By: El Wahyudi Panggabean
Sesungguhnya, hidup ini, merupakan tempat belajar menakjubkan banyak hal dari masalah yang kita hadapi.
Tuhan tidak memberi kita masalah, jika masalah itu tidak untuk membaikkan bagi kita.
Orang kuat adalah orang yang sering terluka. Ada banyak persoalan yang masuk dalam lingkup kekuasaan Allah. Jangan masuki itu.
Maut, jodoh, rezeki dan pertemuan merupakan hak proregatif Tuhan. Jangan campuri itu.
Jangan larut dalam kesedihan. Kesedihan, kebencian, penzholiman, penghujatan, ketakutan, iri, dengki dan segala hal-hal yang negatif, hanya akan menguras energi.
Tuhan meminta kita, berhasil.

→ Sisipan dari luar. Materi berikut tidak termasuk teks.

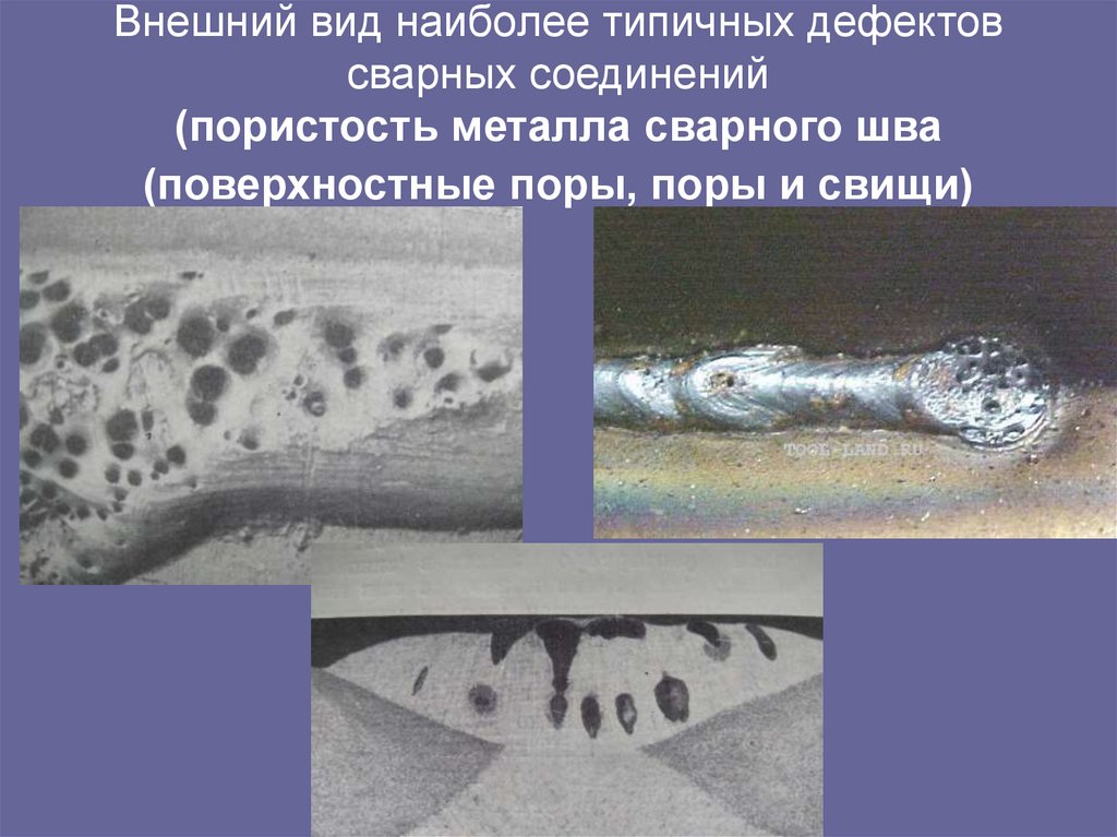 192. Внешний вид наиболее типичных дефектов сварных соединений (пористость металла сварного шва (поверхностные поры, поры и свищи)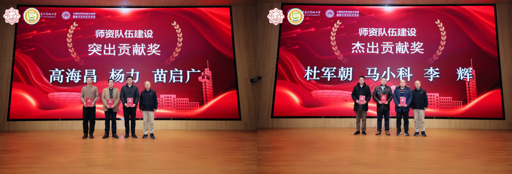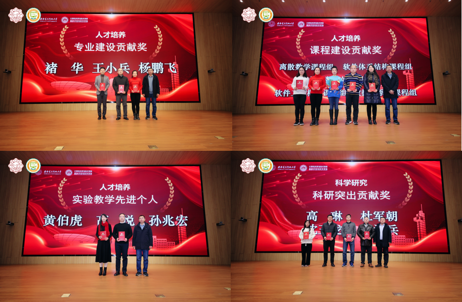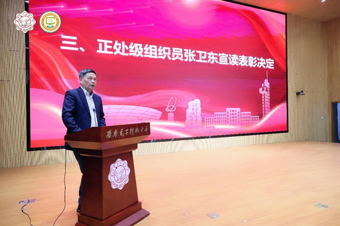 2023年度,在全体教职工的共同努力下,学院各项事业取得了重要成绩,涌现出了一批在党建、教学、科研、师资队伍建设、学生工作、管理服务、公共服务等方面的先进个人。学院正处级组织员张卫东宣读了学院表彰先进人员的决定。学院领导班子成员分别为获奖代表颁发荣誉证书并合影。

Tuhan menginingkan kita suskes. Tuhan menginginkan kita bahagia. Berusahalah. Bekerja keraslah!
Kita hanya menjalani taqdir kita. KIta tidak bisa mengubahnya. Kita hanya mampu memilih jalan menuju ketetapan Tuhan.
Jangan takut miskin. Jangan takut tidak populer. Jangan takut tidak dapat rezeki. Semua sudah diatur dan dikendalikan oleh Tuhan.
Tuhan meminta kita berusaha dan berdoa. Keberhasilan dan kesuskesan itu urusan Allah.
Semua takdir mulai dari diciptakannya pena sebagai mahluk perdana sampai ke akhir zaman telah ditulis. Yang menulis itu pena.
Pena adalah mahluk pertama diciptakan Tuhan. Sebuah bukti Pena sebagai kekuatan yang Agung. Allah juga bersumpah: Demi Pena!
Nun- Walqolamu wama Yasturunn...Demi Pena! Dan, tentang apa yang mereka goreskan...(QS: Al-Qalam:1)
Maka, mari kita berjuang mendakwah kan kebenaran.
"Siapa yang mengangkat pena untuk menulis, berarti dia melakukan perjuangan," kata Voltaire, Sastarawan Perancis.